Borlosa also received funding and was able to buy machines “and help other mamas to give them confidence so that they can do something else, and not just depend on what they already have.”
Not quite open
A day-trip with tour guide Harriet Yatipu illustrated another challenge facing the industry.
Pointing to various attractions and properties lining the main round-island road, she punctuated her story-telling with the frequent observation, “that one’s still closed” and “that one’s not open yet”. Some property owners have been away from the country since the pandemic started and while they are trickling back and renovation work was evident at many locations, it will take a while for many properties to be open again.
Yatipu herself diversified into kava sales during the pandemic, mixing grog and using her minibus to make home deliveries. She now operates windows at two popular nakamals, one across from the parliament complex and the other close to Port Vila resorts. Even when the tourists come back in numbers, cruise ships return and her tour business picks up, Yatipu intends to keep her kava business going.

Angelina Songi says the tourists she has met at the VTO centre have been patient.
“They see that we’ve been trying our best to get the businesses back. So when some places that they wish to go to are closed, they understand the situation.”
Staff shortages have also been a problem, something that the VTO had anticipated with the ramping up of the Recognised Seasonal Employer (RSE) program, and migration of former tourism workers to offshore or interisland opportunities. The VTO responded by setting up a tourism help desk, to match job seekers and people with particular skills, with tourism businesses needing staff.
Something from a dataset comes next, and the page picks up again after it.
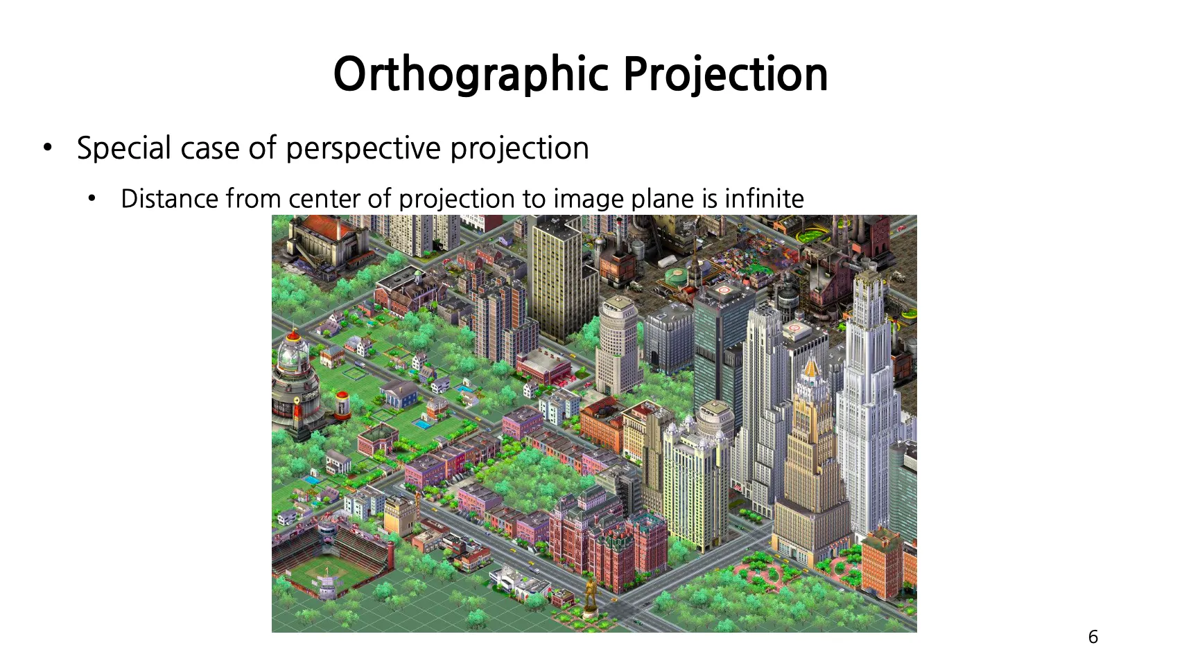Sim City 같은 게임을 할 때 앞 건물이 뒷 건물보다 커야하는데, 게임하기 편하기 위해서 이를 고려하지 않고 비율이 같음 (Perspective Effect 를 무시함)
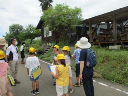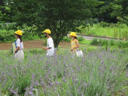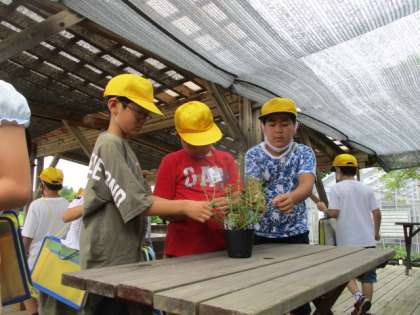 経営者様のご厚意で、甘みがあるハーブの葉を1枚もらいました。フレッシュハーブの香りに感激している子供たちです。

Songi says even as tourism gains momentum, the potential of the local market should not be forgotten.
“We decided that this is something that we shouldn’t stop doing. So we decided to put that into organisation structure and that is something that will be ongoing. Even though our borders are open, we will still be marketing to the domestic market.”

Quarantine in hands of communities
The opening of Vanuatu’s borders on July 1 saw the National COVID-19 Task Force hand over the quarantining of all returning ni-Vanuatu seasonal workers from Australia and New Zealand to the chiefs in their communities throughout the country.
All returnees may be quarantined for three days or more according to the governance wisdom of each village. Whether the returnees should pay any fee to the Chief’s Council also remains the discretion of each Council.
A special team comprising of representatives of the Vanuatu Christian Councils, Malvatumauri Council of Chiefs, health, trade, tourism and industry sectors, toured all six provinces of the country to explain the changes to the quarantine requirements.
While advising the public of what lifting the lockdown will mean at community and village level in the provinces, the Team says hand washing and social distancing protocols will continue in all rural quarantine facilities.
Tafea Province’s most isolated island of Futuna, took the lead by identifying an empty house to quarantine all new arrivals for three days.